STANDARD: Konzerthauschef Matthias Naske hat seine Haltung gegenüber Gabalier so erklärt: "Man muss wissen, wer Gabalier ist und wofür er steht. ... Wir dienen auch keiner Ideologie."

Borg: Ich bin nicht in das Thema involviert, ich kenne auch den Herrn vom "Gesangsverein" nicht. Ich würde so etwas in der Öffentlichkeit nie sagen. Wenn ich jemand nicht in meiner Sendung wollte, würde die Person nicht gebucht. Wie der ORF damals gesagt hat, das mit dem "Stadl" ist uns zu verstaubt – okay.

STANDARD: Darüber sind Sie hinweg? Keine Kränkung?

Borg: Nein. Um Gottes Willen! Es gibt einfach Leute, die vertragen das nicht, mein Erscheinungsbild und meine Musik. Deswegen finde ich es auch ganz gut, dass wir die Sendung auf ATV "Beim Andy" nennen. Da gibt es keine Zweifel. Da kann mir keiner erzählen, dass er aus Versehen hineingezappt hat.

STANDARD: Motto: Sagen Sie nicht, wir hätten Sie nicht gewarnt.

Borg: Genau.

STANDARD: Im letzten Dresdner "Tatort" wurden Volksmusiker nicht sehr vorteilhaft als etwas dümmlich und von Rauschmitteln beeinträchtigt dargestellt. Hat die Volksmusik ein Imageproblem?

Borg: Nein. Das hat halt ein Autor gut gefunden. Es gibt auch Comedians, die das auf die Schaufel nehmen – und nicht nur die Volksmusik. Seit ein paar Monaten scheint mir da aber der Trump Donald ziemlich weit vorne zu liegen.

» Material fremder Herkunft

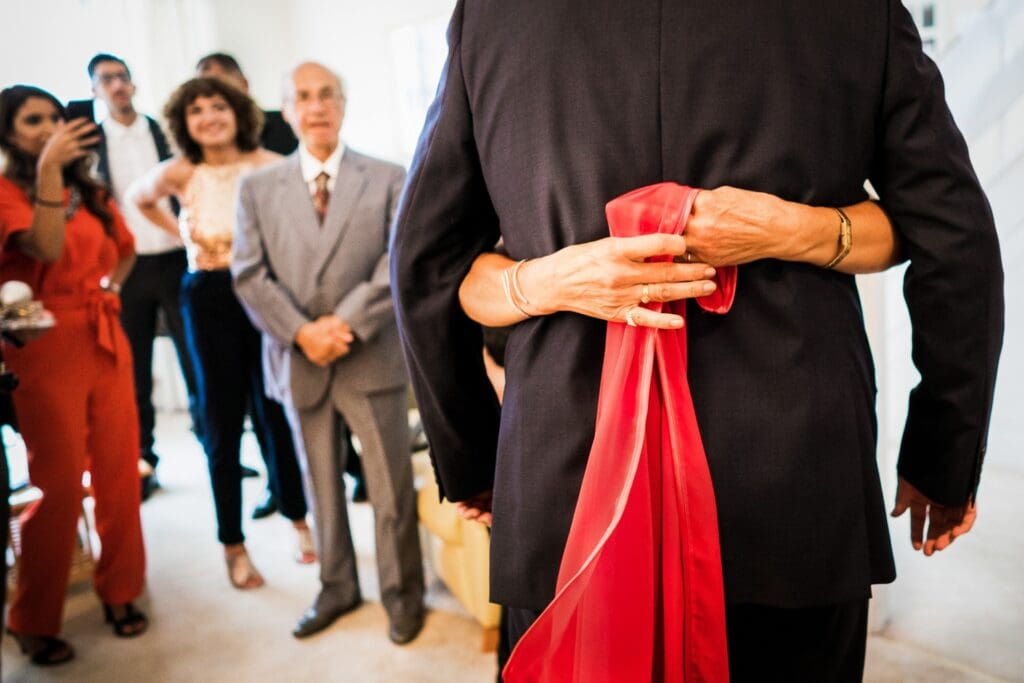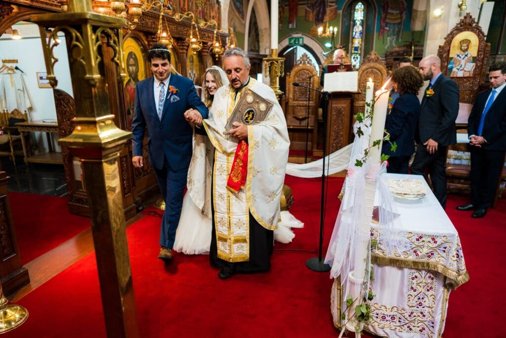 The morning started at Angelo’s parents house. Angelo’s sister took on the role of Koumbaro (similar to a best man) and she shaved him and finished buttoning up his shirt while a violinist played. Then various members of Angelo’s family perform the Stolisma, where a red scarf is tied around the Groom’s waist to symbolise fertility and then the Kapnistiri smoke blessing. Traditional Greek food and a good few shots of vodka were passed around as everyone relaxed.

STANDARD: Das heißt, das Bild trifft aus Ihrer Sicht auch nicht die Realität, sondern ist eine Überzeichung des Autors?

Borg: Hundertprozentig. Sicher machen sich Kollegen von Ihnen auch schmunzelnd über Eure Berichte lustig. Und genauso tun das wir untereinander – und merken dann: ups, das war jetzt daneben. Aber ein "Tatort" oder auch ein Comedian können nur etwas aufgreifen, von dem man spricht.

STANDARD: Das würde dann aber bestätigen, dass etwas dran ist und die Volksmusikbranche so ist, wie da dargestellt.

Borg: Wenn der Autor das so sieht, ist das in seinem Ermessen…

STANDARD: …aber es ist nicht Ihr Erleben der Volksmusikbranche.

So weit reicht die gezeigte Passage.